I have to bid on a condo complex for the streets and the driveways. There are 48 driveways, If I did them seperate I would charge $35. Would you give the association a lower price because you are already there and you doing all 48?? Thanks


----------



## chris k (Nov 5, 2002)

If it were a regular neighborhood would you? If I could make one stop and plow 48 driveways I would discount them for sure. You could probably plow them for $20 and make the same or more money than you would plowing 48 driveways in a 10 mile radius by the time you figure in gas and time.


----------



## scotty2222 (Nov 24, 2001)

Bid them by how long it would take you do the whole complex. Figure out what it would take to do the driveways then how long for the road. We do a condo complex with about 24 homes in there and and it takes about 45 min with two trucks thats roads and drives


----------



## CNYScapes (Sep 22, 2003)

I would give a discount. Around here a complex like that would get as many estimates as possible and only take the low bidder. Give them the best price you can and dont count on it. I get about 15% of the commercial bids i give out in my market, so I just send out the bids at my price and hope for the best.


----------



## bigjeeping (Aug 15, 2005)

Here's an experience of mine.....

I bid on a 66 home neighborhood including 1.7 miles of road and NO SALT. These drives I would've charged 40-45/each if I were pricing individually. 
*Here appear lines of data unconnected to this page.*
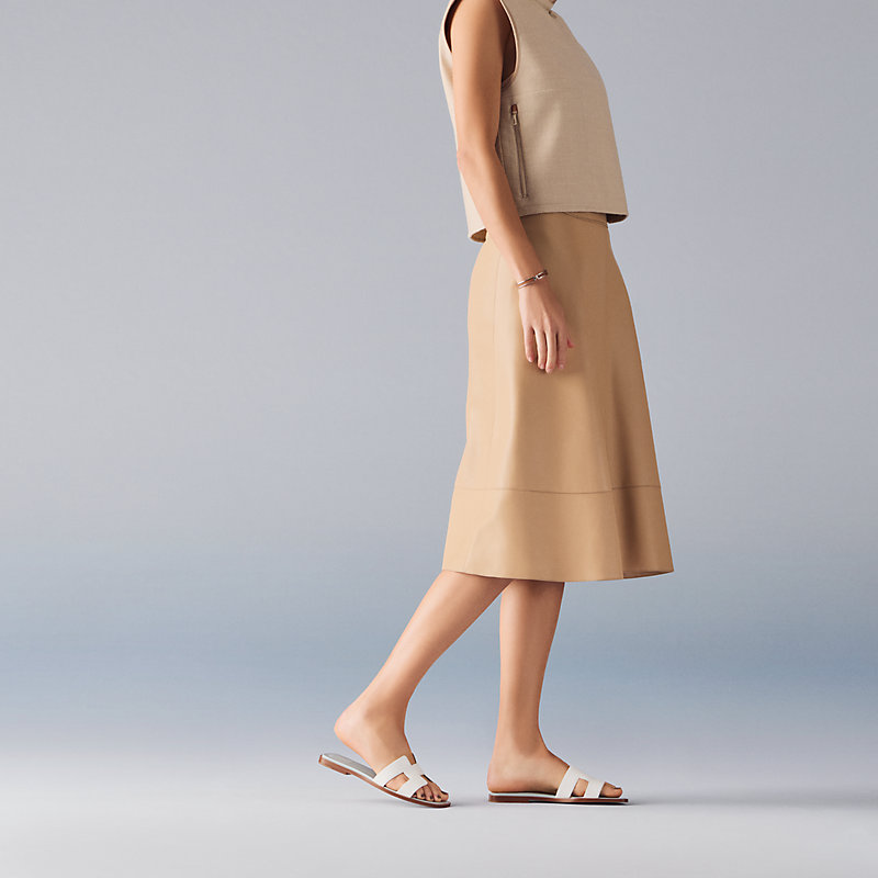 The sandal is an invitation to travel. Its journey begins on the shores of Oran, warmed by the radiant sun. Then, alive with vibrant colors and geometric lines, it makes its way between Ndebele houses. Created in 1997 by Pierre Hardy and enhanced by the iconic H cut, its style is minimalist and timeless. From one collection to the next, this summer icon is constantly reimagined in a multitude of colors and materials.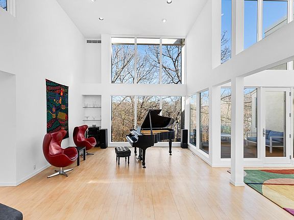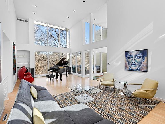 Beautifully designed by John Cuningham, this home offers an open flowing floorplan with soaring ceilings and walls of windows showcasing endless nature views. Gorgeous updated gourmet kitchen with high-end appliances, wine/coffee bar area, built-in informal dining area and pantry! The upper-level offers a primary suite with two walk-in closets, junior suite with deck access, and spacious loft/office. The lower-level features a family room, kitchenette, and game + billiards area. Enjoy the perfect blend of indoor and outdoor living with screened-in porch off the family room, Trex deck off the main entry, and additional decks on the upper and lower levels! Heated 3-car garage. Private setting on 1+ acre at the end of the tranquil cul-de-sac. Fabulous location! Close to shops, restaurants and all the amenities the Ridgedale area has to offer!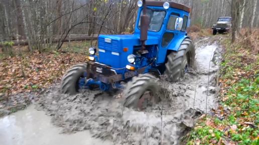 Безбашенный трудяга на тракторе зарубился с джиперами и грузовиком на бездорожье. Трактористу зашло 4х4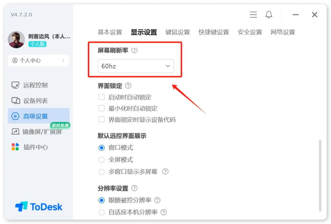 这里面比较重要的是,显示设置里,记得将帧数勾选为60: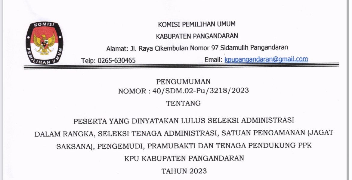 terlampir disampaikan Pengumuman Nomor 40/SDM.01-Pu/3218/2023 tentang Peserta yang Dinyatakan Lulus Seleksi Administrasi dalam rangka Seleksi Tenaga Administrasi, Satuan Pengamanan (Jagat Saksana), Pengemudi, Pramubakti dan Tenaga Pendukung PPK KPU Kabupaten Pangandaran Tahun 2023.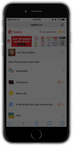 Một cách nạp thẻ khác cũng rất tiện lợi là thông qua Google Play hoặc App Store, với mức giá chỉ từ 0.99 USD bạn đã có thể nhận được đến 35 Quân Huy. Để bắt đầu, bạn hãy đăng nhập vào tài khoản cá nhân trên napthe.vn, sau đó chọn game Liên Quân Mobile và hình thức thanh toán mà bạn ưa thích, có thể là QR Pay hoặc Viettel Money.

Well my bid went in at $1900 for 2-5", etc, etc

I bid each house as $25 (66x25) and the roads for $250 = $1900

AND I LOST BY $200!!!!! The other reason I lost was my competitor was going to be using bobcats to clear the drives (more manuverability), and trucks to clear the roads. All I have is trucks.


----------



## SnowGuy73 (Apr 7, 2003)

Here in MN they go for anywhere between $18-28 a drive...


----------



## SnoFarmer (Oct 15, 2004)

Epic Lawn Care said:


> Here in MN they go for anywhere between $18-28 a drive...
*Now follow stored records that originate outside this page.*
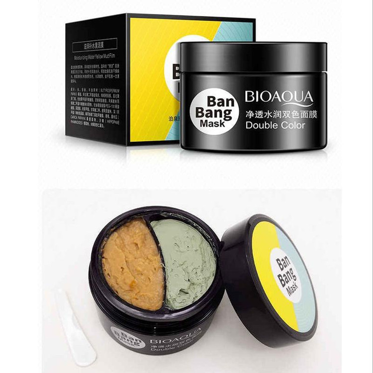 ماسک Ban Bang بیواکوا شامل دو قسمت ميباشد قسمت سبز سبزيجات خنك كننده و آنتى اكسيدان شامل چاى سبز نعنا گل كلم و برگ مليسا است كه مخصوص قسمت تيزون صورت مى باشد و قسمت زرد رنگ آن حاوى مواد مغذى مانند روغن بادام آووكادو پاپايا و نوعى گياهان وحشى ميباشد و مخصوص بقيه صورت است و اين ماسك به صورت تركيبى استفاده ميشود.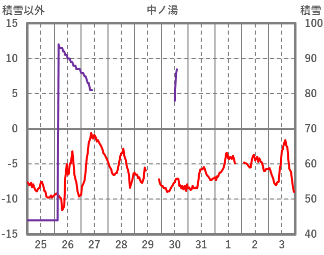 | 日 | 時 | 気温 | 降水 | 風向/風速 | 日照 | 積雪 | 降雪 |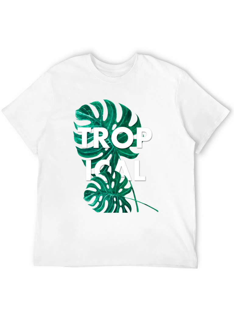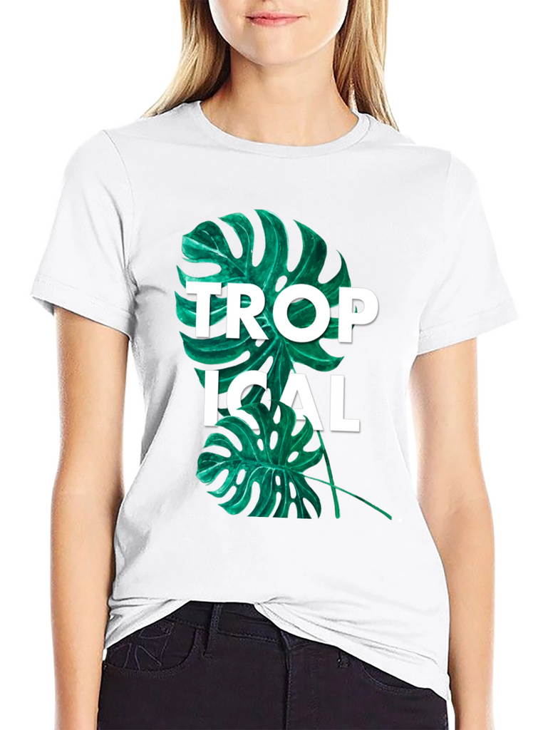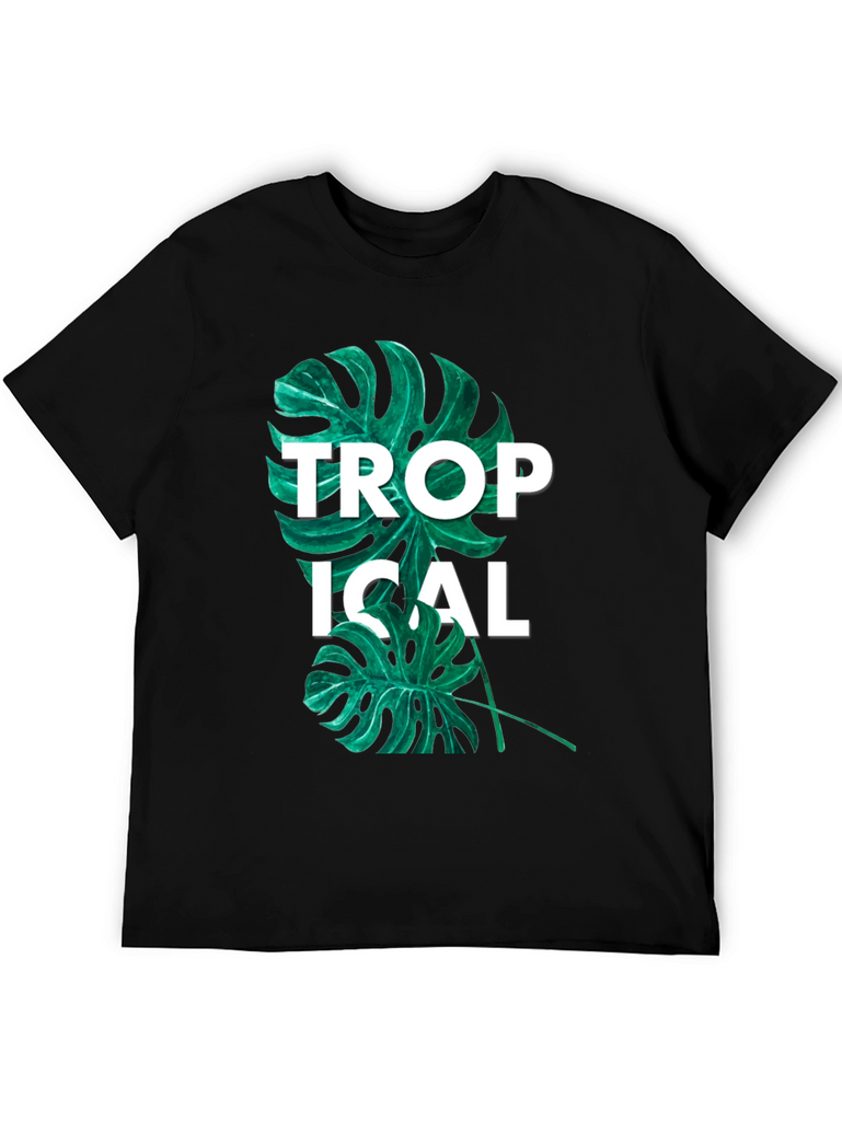 This stylish black t-shirt features a vibrant "TROPICAL" graphic design with lush green leaves. The design is eye-catching and perfect for adding a touch of nature-inspired flair to your wardrobe. Made from a comfortable-looking fabric, this tee is ideal for casual wear, whether you're lounging at home or out and about. The classic crew neck and short sleeves offer a relaxed fit. Pair it with jeans, shorts, or even dress it up with a blazer for a versatile look. This t-shirt is a must-have for anyone who loves tropical vibes and wants to make a fashion statement.

Wow !really that cheep how can you even start your truck for $18 bucks? lol In the Duluth area the avg is $35 to $40 and up a push.
It must cost more to live up north.....payup 
once and a while when we get a big snow I will plow out a couple of senior citizens (all friends or neighbors) for free...as they will hire me for spring clean ups and to seal-coat there drive in the summer so basically I'm just priming the pump...


----------



## SnowGuy73 (Apr 7, 2003)

SnoFarmer said:


> Wow !really that cheep how can you even start your truck for $18 bucks? lol In the Duluth area the avg is $35 to $40 and up a push.
> It must cost more to live up north.....payup
> once and a while when we get a big snow I will plow out a couple of senior citizens (all friends or neighbors) for free...as they will hire me for spring clean ups and to seal-coat there drive in the summer so basically I'm just priming the pump...


 You are getting that much for multi-unit townhomes up there! Damn I need to move up there. I bid a 167 townhome unit for $21 a door and that was considered high.


----------